> [YOUR INSTRUCTIONS]:
Below are entries; copy exactly the lines from the one with "- 首ゆらし:首を左右にゆっくり倒し、血流改善(各5回)" through the one with "Moist corn cake", both included, and leave out the rest.

> [INFORMATION GIVEN]:
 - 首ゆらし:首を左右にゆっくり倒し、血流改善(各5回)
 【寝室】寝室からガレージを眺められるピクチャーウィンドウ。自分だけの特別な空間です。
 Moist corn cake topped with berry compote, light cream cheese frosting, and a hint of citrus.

--

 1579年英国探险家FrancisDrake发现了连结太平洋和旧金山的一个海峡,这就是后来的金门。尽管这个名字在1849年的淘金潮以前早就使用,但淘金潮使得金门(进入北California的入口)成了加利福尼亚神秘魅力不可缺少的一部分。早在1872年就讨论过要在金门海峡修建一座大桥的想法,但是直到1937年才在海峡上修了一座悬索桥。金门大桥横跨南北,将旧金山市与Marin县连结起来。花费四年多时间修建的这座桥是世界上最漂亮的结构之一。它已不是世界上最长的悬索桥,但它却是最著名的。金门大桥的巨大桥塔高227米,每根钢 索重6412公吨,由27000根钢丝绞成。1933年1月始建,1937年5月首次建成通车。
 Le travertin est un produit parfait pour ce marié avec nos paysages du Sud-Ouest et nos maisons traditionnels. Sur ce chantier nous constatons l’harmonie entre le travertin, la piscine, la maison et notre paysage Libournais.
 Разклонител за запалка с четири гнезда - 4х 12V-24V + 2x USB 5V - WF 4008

...

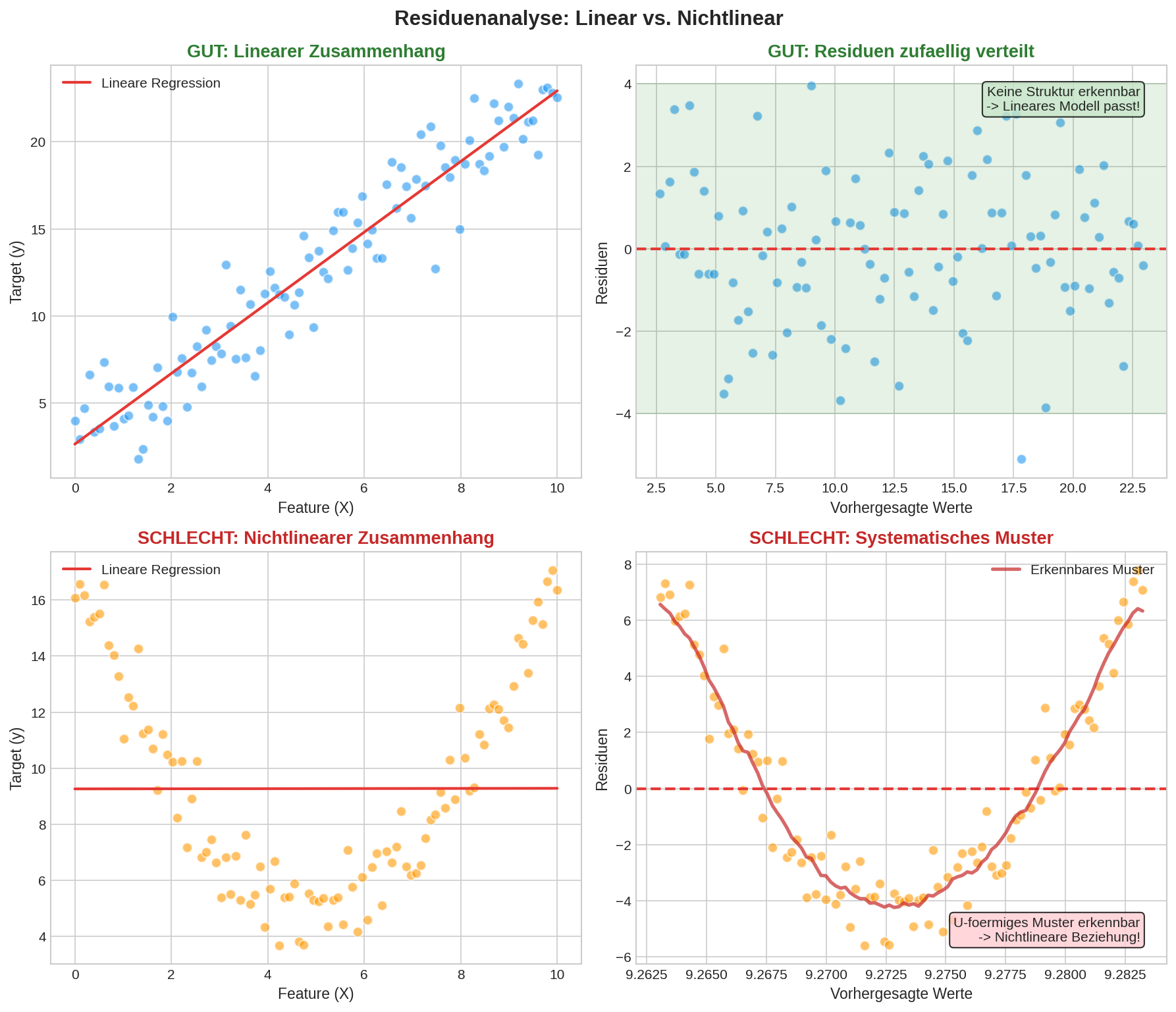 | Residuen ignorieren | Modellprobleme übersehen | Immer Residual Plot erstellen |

> [FINAL ANSWER]:
 - 首ゆらし:首を左右にゆっくり倒し、血流改善(各5回)
 【寝室】寝室からガレージを眺められるピクチャーウィンドウ。自分だけの特別な空間です。
 Moist corn cake topped with berry compote, light cream cheese frosting, and a hint of citrus.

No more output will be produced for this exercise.